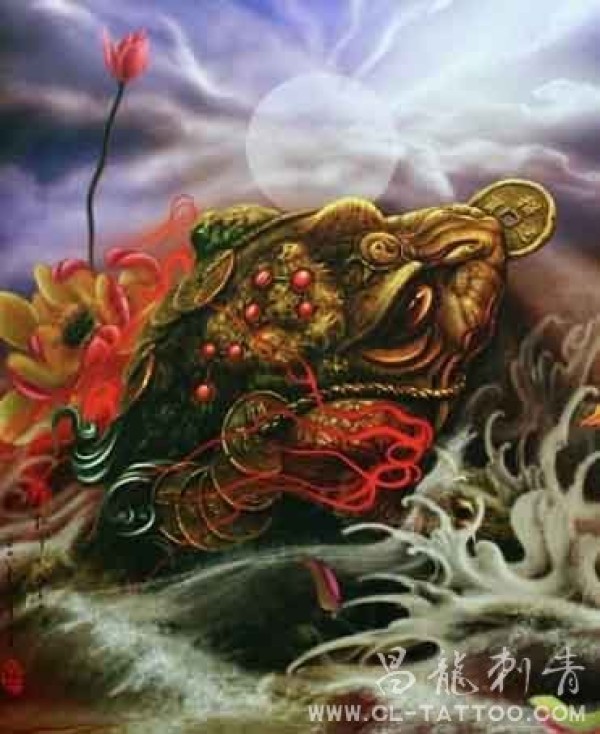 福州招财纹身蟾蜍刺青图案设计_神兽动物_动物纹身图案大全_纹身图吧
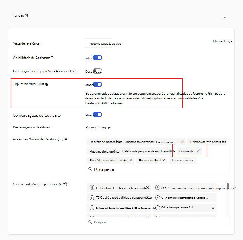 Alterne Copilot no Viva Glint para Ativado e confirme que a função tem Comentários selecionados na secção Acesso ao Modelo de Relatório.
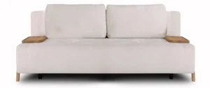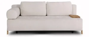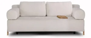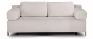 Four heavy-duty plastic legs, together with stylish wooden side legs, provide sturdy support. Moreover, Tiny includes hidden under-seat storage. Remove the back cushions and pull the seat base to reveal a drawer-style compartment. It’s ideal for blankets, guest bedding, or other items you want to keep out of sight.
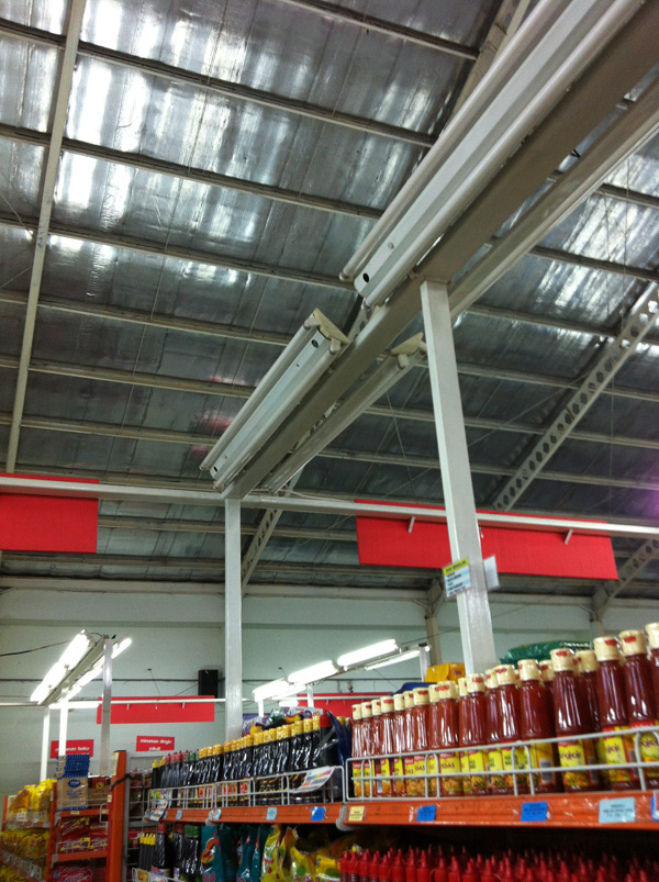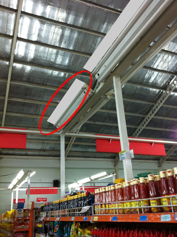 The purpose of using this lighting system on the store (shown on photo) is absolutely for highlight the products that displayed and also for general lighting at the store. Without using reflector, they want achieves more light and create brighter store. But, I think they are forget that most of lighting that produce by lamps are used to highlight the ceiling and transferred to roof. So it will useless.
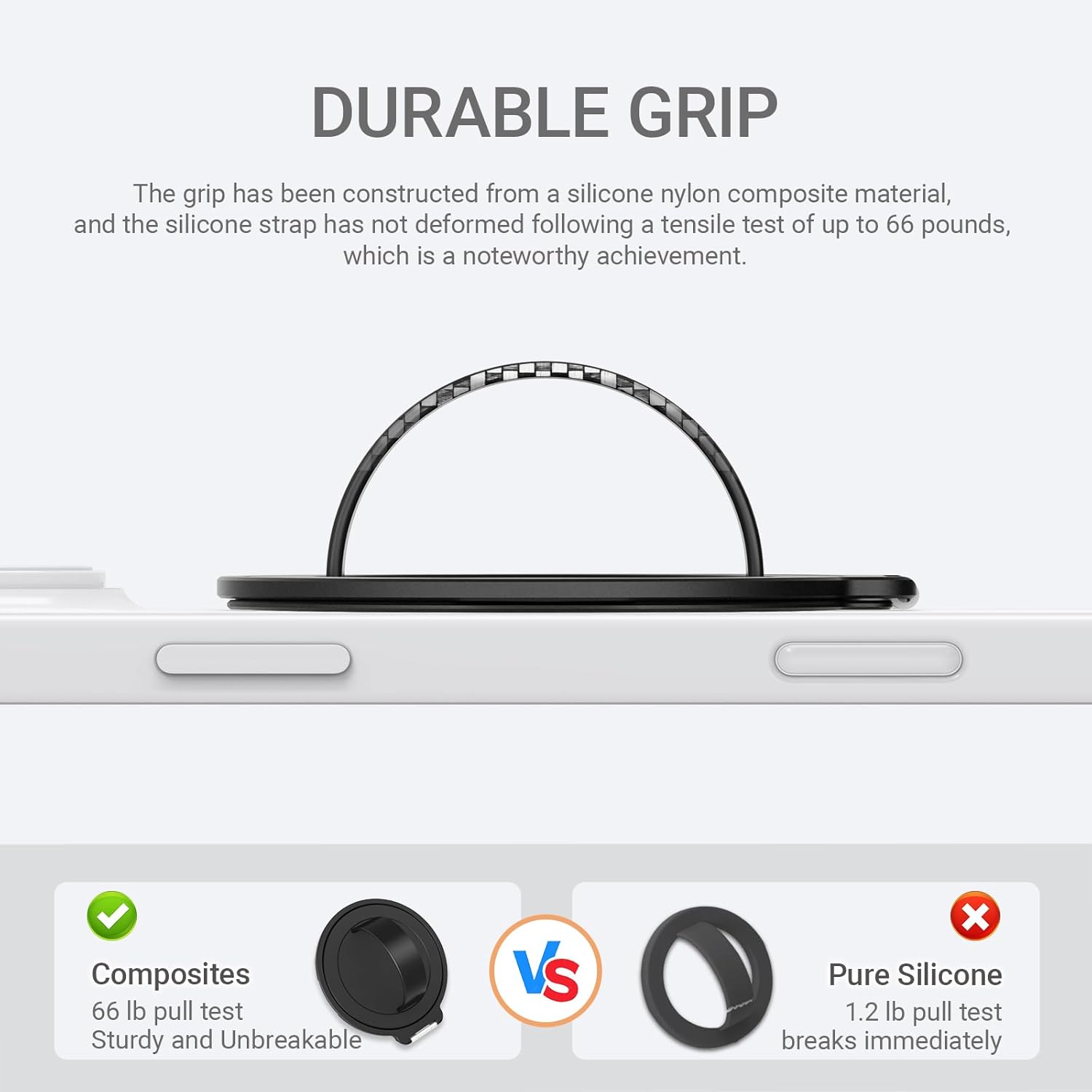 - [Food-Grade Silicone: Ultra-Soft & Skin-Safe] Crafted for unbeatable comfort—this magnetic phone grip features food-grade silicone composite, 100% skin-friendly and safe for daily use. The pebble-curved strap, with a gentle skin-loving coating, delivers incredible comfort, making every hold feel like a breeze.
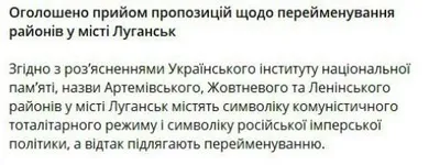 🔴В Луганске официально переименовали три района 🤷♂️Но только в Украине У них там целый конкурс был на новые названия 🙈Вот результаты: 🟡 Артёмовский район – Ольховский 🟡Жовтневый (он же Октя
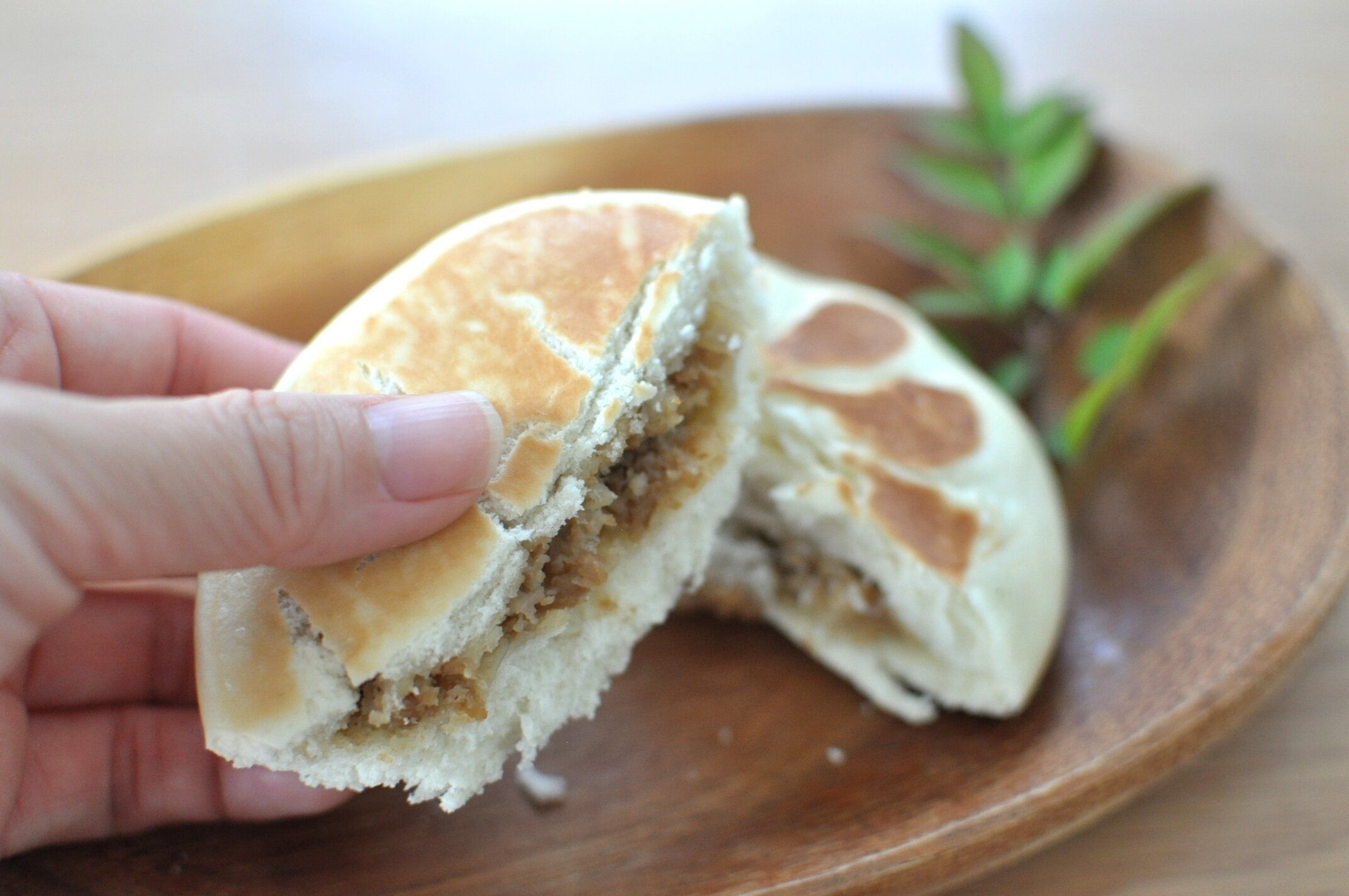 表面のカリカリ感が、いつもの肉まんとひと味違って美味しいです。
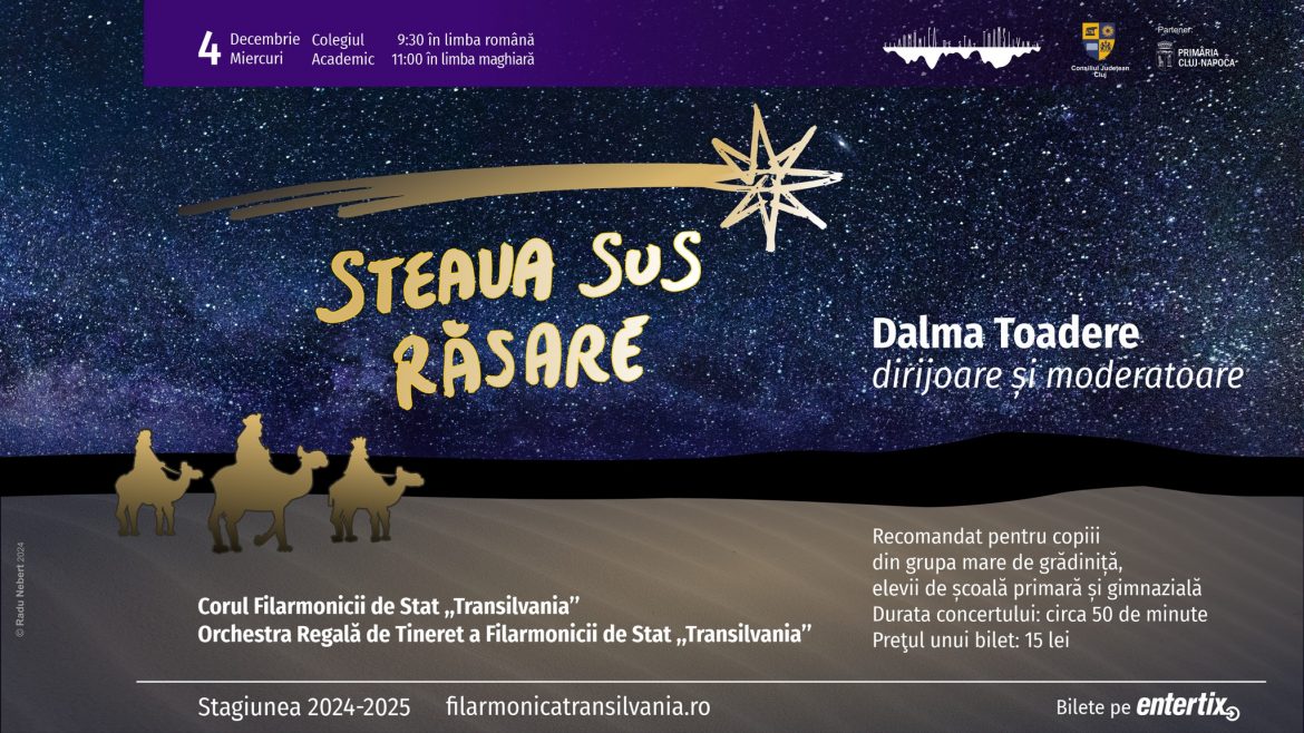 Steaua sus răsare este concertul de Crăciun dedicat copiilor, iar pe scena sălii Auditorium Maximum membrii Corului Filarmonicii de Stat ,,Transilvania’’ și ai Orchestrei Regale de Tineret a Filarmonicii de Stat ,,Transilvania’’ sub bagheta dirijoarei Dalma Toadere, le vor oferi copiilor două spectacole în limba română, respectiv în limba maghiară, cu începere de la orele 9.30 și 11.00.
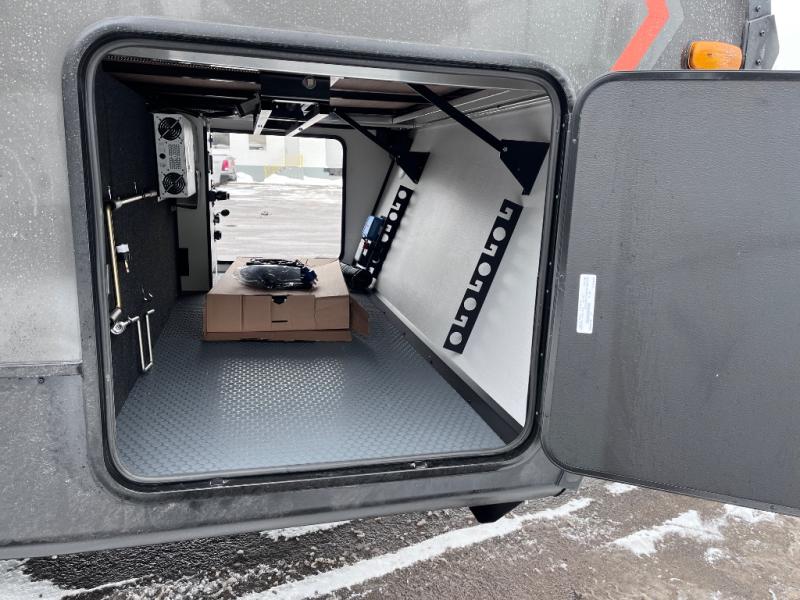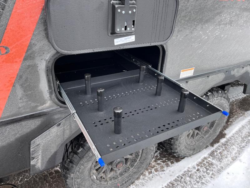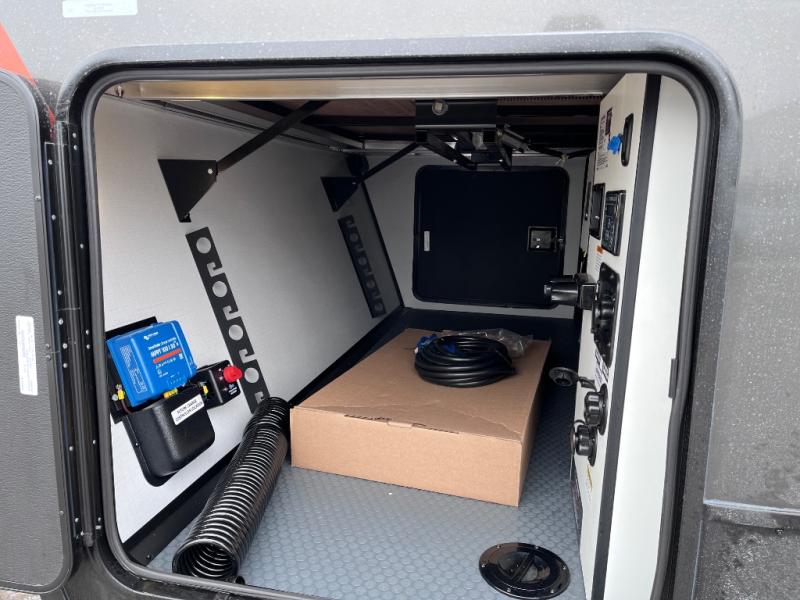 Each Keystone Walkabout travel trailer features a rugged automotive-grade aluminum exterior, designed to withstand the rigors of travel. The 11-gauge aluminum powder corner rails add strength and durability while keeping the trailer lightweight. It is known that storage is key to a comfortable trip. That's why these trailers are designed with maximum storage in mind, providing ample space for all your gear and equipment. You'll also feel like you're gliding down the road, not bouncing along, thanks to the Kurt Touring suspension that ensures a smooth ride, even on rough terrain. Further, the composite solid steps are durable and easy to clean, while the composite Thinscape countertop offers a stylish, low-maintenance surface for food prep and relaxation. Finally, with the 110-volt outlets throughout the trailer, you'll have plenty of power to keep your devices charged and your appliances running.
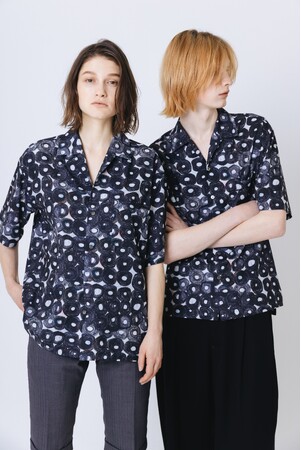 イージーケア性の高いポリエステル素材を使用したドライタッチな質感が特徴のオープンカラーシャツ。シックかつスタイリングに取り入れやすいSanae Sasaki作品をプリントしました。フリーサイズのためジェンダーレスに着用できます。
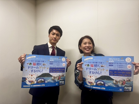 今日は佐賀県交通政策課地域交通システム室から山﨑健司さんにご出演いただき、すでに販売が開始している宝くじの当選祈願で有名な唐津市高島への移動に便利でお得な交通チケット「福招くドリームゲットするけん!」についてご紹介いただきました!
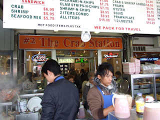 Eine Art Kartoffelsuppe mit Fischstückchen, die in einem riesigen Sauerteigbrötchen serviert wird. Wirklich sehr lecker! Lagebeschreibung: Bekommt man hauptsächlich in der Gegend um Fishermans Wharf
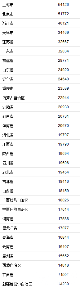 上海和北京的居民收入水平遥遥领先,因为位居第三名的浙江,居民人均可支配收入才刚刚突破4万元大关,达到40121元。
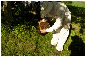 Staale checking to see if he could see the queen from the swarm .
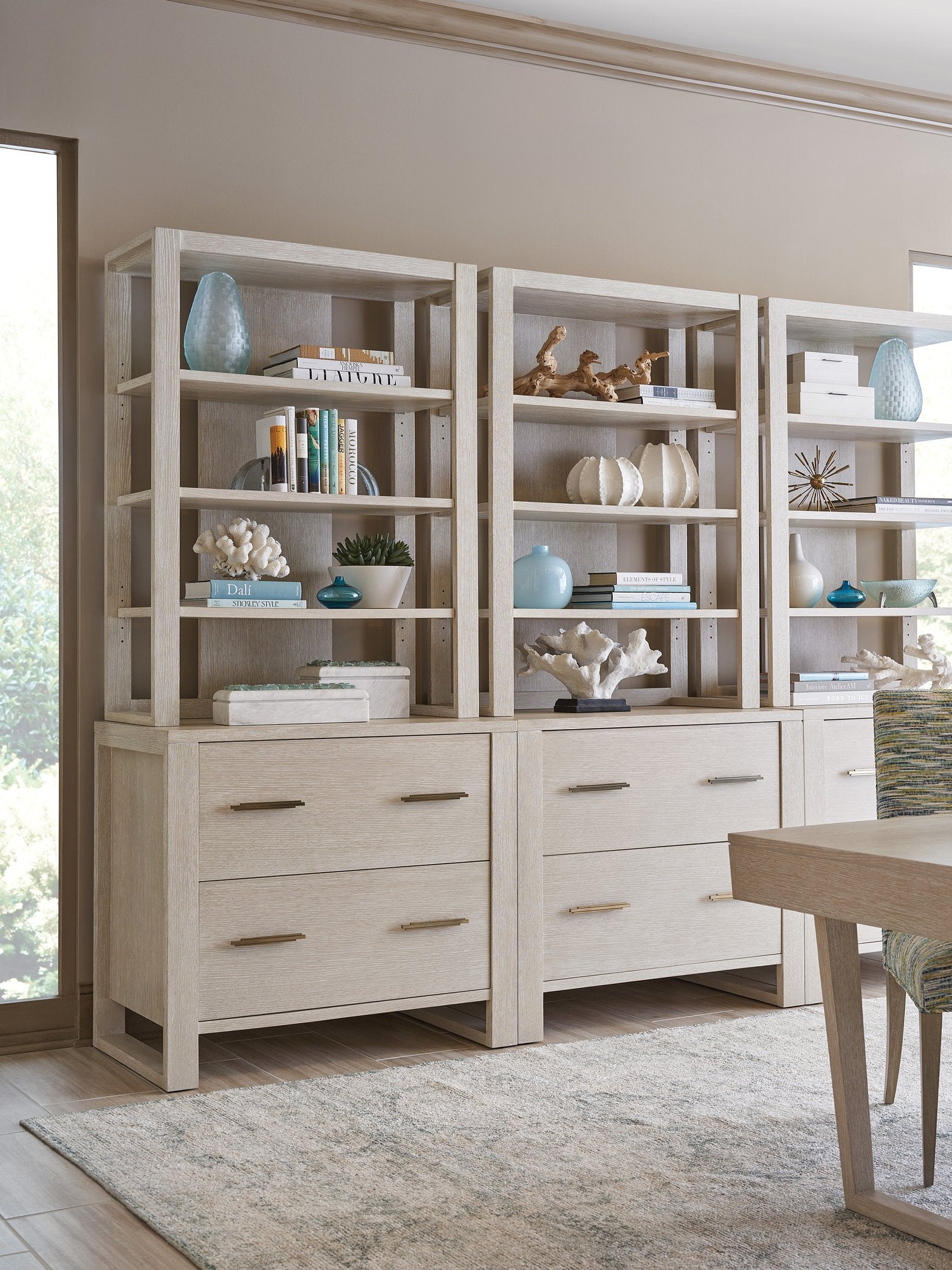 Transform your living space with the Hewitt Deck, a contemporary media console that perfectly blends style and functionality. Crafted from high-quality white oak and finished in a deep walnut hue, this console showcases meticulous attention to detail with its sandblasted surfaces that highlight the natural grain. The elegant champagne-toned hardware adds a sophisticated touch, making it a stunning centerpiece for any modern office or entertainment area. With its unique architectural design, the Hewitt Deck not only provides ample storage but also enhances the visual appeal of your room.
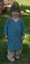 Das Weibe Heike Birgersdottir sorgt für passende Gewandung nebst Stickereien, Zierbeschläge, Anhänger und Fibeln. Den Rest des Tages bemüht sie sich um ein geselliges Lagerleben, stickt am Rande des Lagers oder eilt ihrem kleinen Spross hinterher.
_____
Give the records again without a single change, and exclude the pictures.

 福州招财纹身蟾蜍刺青图案设计_神兽动物_动物纹身图案大全_纹身图吧
 Alterne Copilot no Viva Glint para Ativado e confirme que a função tem Comentários selecionados na secção Acesso ao Modelo de Relatório.
 Four heavy-duty plastic legs, together with stylish wooden side legs, provide sturdy support. Moreover, Tiny includes hidden under-seat storage. Remove the back cushions and pull the seat base to reveal a drawer-style compartment. It’s ideal for blankets, guest bedding, or other items you want to keep out of sight.
 The purpose of using this lighting system on the store (shown on photo) is absolutely for highlight the products that displayed and also for general lighting at the store. Without using reflector, they want achieves more light and create brighter store. But, I think they are forget that most of lighting that produce by lamps are used to highlight the ceiling and transferred to roof. So it will useless.
 - [Food-Grade Silicone: Ultra-Soft & Skin-Safe] Crafted for unbeatable comfort—this magnetic phone grip features food-grade silicone composite, 100% skin-friendly and safe for daily use. The pebble-curved strap, with a gentle skin-loving coating, delivers incredible comfort, making every hold feel like a breeze.
 🔴В Луганске официально переименовали три района 🤷♂️Но только в Украине У них там целый конкурс был на новые названия 🙈Вот результаты: 🟡 Артёмовский район – Ольховский 🟡Жовтневый (он же Октя
 表面のカリカリ感が、いつもの肉まんとひと味違って美味しいです。
 Steaua sus răsare este concertul de Crăciun dedicat copiilor, iar pe scena sălii Auditorium Maximum membrii Corului Filarmonicii de Stat ,,Transilvania’’ și ai Orchestrei Regale de Tineret a Filarmonicii de Stat ,,Transilvania’’ sub bagheta dirijoarei Dalma Toadere, le vor oferi copiilor două spectacole în limba română, respectiv în limba maghiară, cu începere de la orele 9.30 și 11.00.
 Each Keystone Walkabout travel trailer features a rugged automotive-grade aluminum exterior, designed to withstand the rigors of travel. The 11-gauge aluminum powder corner rails add strength and durability while keeping the trailer lightweight. It is known that storage is key to a comfortable trip. That's why these trailers are designed with maximum storage in mind, providing ample space for all your gear and equipment. You'll also feel like you're gliding down the road, not bouncing along, thanks to the Kurt Touring suspension that ensures a smooth ride, even on rough terrain. Further, the composite solid steps are durable and easy to clean, while the composite Thinscape countertop offers a stylish, low-maintenance surface for food prep and relaxation. Finally, with the 110-volt outlets throughout the trailer, you'll have plenty of power to keep your devices charged and your appliances running.
 イージーケア性の高いポリエステル素材を使用したドライタッチな質感が特徴のオープンカラーシャツ。シックかつスタイリングに取り入れやすいSanae Sasaki作品をプリントしました。フリーサイズのためジェンダーレスに着用できます。
 今日は佐賀県交通政策課地域交通システム室から山﨑健司さんにご出演いただき、すでに販売が開始している宝くじの当選祈願で有名な唐津市高島への移動に便利でお得な交通チケット「福招くドリームゲットするけん!」についてご紹介いただきました!
 Eine Art Kartoffelsuppe mit Fischstückchen, die in einem riesigen Sauerteigbrötchen serviert wird. Wirklich sehr lecker! Lagebeschreibung: Bekommt man hauptsächlich in der Gegend um Fishermans Wharf
 上海和北京的居民收入水平遥遥领先,因为位居第三名的浙江,居民人均可支配收入才刚刚突破4万元大关,达到40121元。
 Staale checking to see if he could see the queen from the swarm .
 Transform your living space with the Hewitt Deck, a contemporary media console that perfectly blends style and functionality. Crafted from high-quality white oak and finished in a deep walnut hue, this console showcases meticulous attention to detail with its sandblasted surfaces that highlight the natural grain. The elegant champagne-toned hardware adds a sophisticated touch, making it a stunning centerpiece for any modern office or entertainment area. With its unique architectural design, the Hewitt Deck not only provides ample storage but also enhances the visual appeal of your room.
 Das Weibe Heike Birgersdottir sorgt für passende Gewandung nebst Stickereien, Zierbeschläge, Anhänger und Fibeln. Den Rest des Tages bemüht sie sich um ein geselliges Lagerleben, stickt am Rande des Lagers oder eilt ihrem kleinen Spross hinterher.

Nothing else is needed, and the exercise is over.